Por eso, aunque Robert Towne insistió en que el final de Chinatown fuera feliz, Polanski no permitió tamaña aberración, insuflando toda su profunda amargura vital en el sustrato de un relato que terminó desprendiendo un arrebatador aliento romántico y trágico, cuya intención y significado parecen recordarnos la imposibilidad que tiene el ser humano de escapar de sus miedos, inseguridades, traumas y sentimientos que, si en un momento parecen destinados a la salvación del alma, solamente terminan por acarrear más desesperanza y tristeza.

Un guión modélico

Es Chinatown una película de combustión lenta. Su estructura narrativa está confeccionada a partir de una compleja red de subtramas entretejidas entre sí a través de una serie de hilos que se unen y dispersan a medida que la acción va avanzando y el verdadero sentido de la cinta va aflorando subrepticiamente en medio de una confusión que logra clarificarse a partir de la oportuna dosificación y desvelamiento de los secretos que se esconden en su interior.

El espectador se sitúa en todo momento desde la perspectiva que nos ofrece el personaje interpretado por Jack Nicholson, el detective privado J.J. Gittes, un fisgón especializado en sacar a flote las miserias ajenas de las personas pudientes de la ciudad de Los Ángeles. Este personaje de ambigua catadura moral será el encargado de conducirnos por el relato a través de las investigaciones y las averiguaciones que emprenderá al verse casi accidentalmente involucrado en un caso de asesinato de oscuras y enrevesadas implicaciones.
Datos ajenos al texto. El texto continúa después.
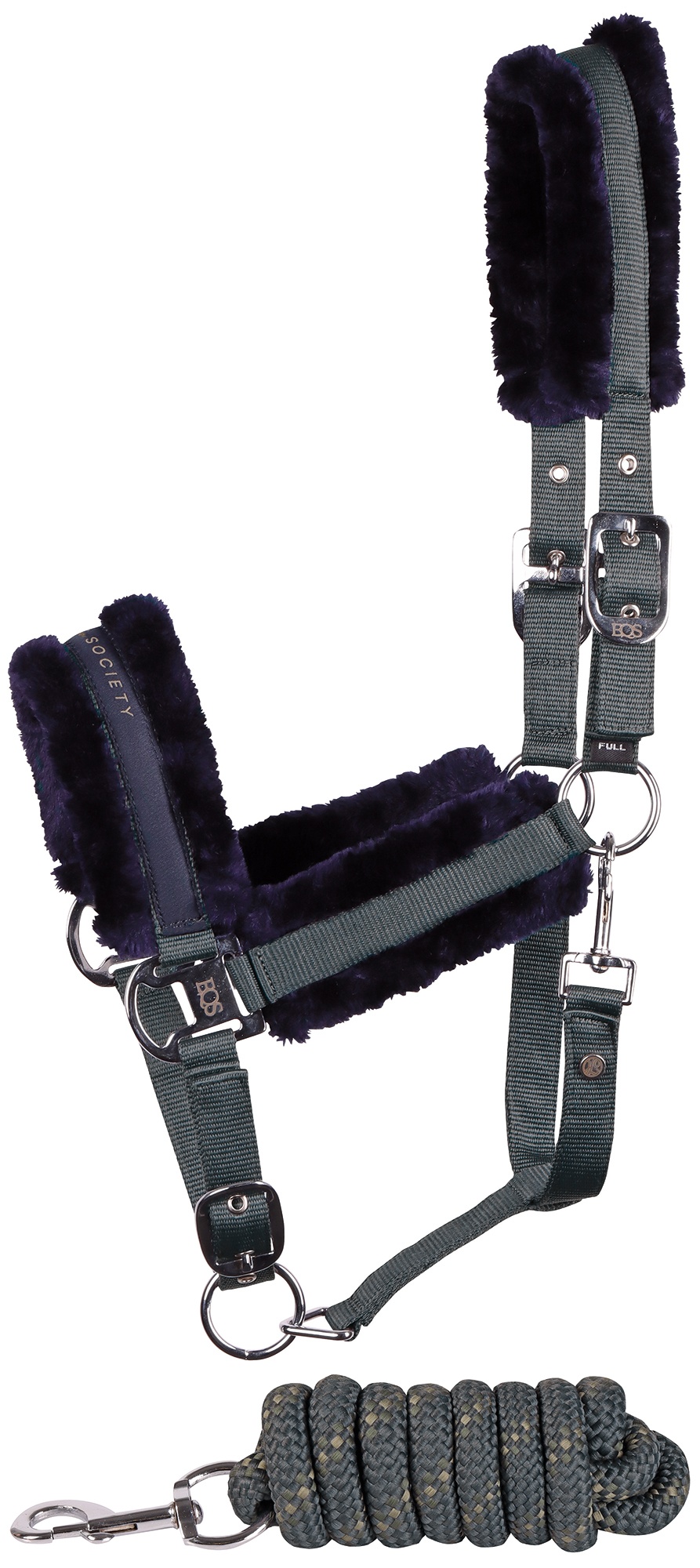 Halsterset met Equestrian Society logo op de neus, met zacht kunstbont onderlegd, verstelbaar aan twee kanten van het kopstuk en op de neus, inclusief een halstertouw van 2 meter lengte. 100% polyester.

En primer lugar, el guión enfoca como aspecto principal las intrigas que se suceden en torno a los problemas de suministro de agua que atraviesa la ciudad, y a los ocultos intereses que se esconden detrás de una serie de maquinaciones ilegales que realizan unos anónimos hombres de poder que se dedican a controlar y manipular a su antojo cualquier bien público para revertirlo en su propio beneficio. Poco a poco van apareciendo, con extremada precisión, las líneas narrativas por las que verdaderamente transcurrirá el relato; así, se presentan los personajes principales, Evelyn Cross (Faye Dunaway), esposa del asesinado Jefe de las Aguas y Noah Cross (John Huston), su padre y gran magnate inmobiliario, dos figuras clave para el desarrollo de las acciones que se irán desencadenado en la pantalla. Realmente, a pesar de lo intrincado de la narración, ésta tiene la virtud de no esconder ningún dato al espectador, de forma que se van dosificando gradualmente una serie de pequeños detalles, que a modo de pistas, ayudan a intuir el rumbo que pueden tomar los acontecimientos (las gafas en el estanque, el momento en el que Evelyn accidentalmente se apoya en el volante del coche haciendo sonar el claxon, la turbación que siente ésta cuando oye hablar de su padre…). Sin embargo, tardamos mucho tiempo en conocer verdaderamente a los personajes. Seguimos los movimientos de Gittes en sus investigaciones (nacidas de una curiosidad patológica inherente a su profesión), pero realmente no conocemos sus motivaciones, intenciones o pensamientos… todo lo que le rodea resulta extremadamente opaco, y en cierto modo tiene bastante que ver con su figura de private-eye, un ser anónimo que ha de hacerse invisible a los ojos de los demás, incluso a los de sí mismo.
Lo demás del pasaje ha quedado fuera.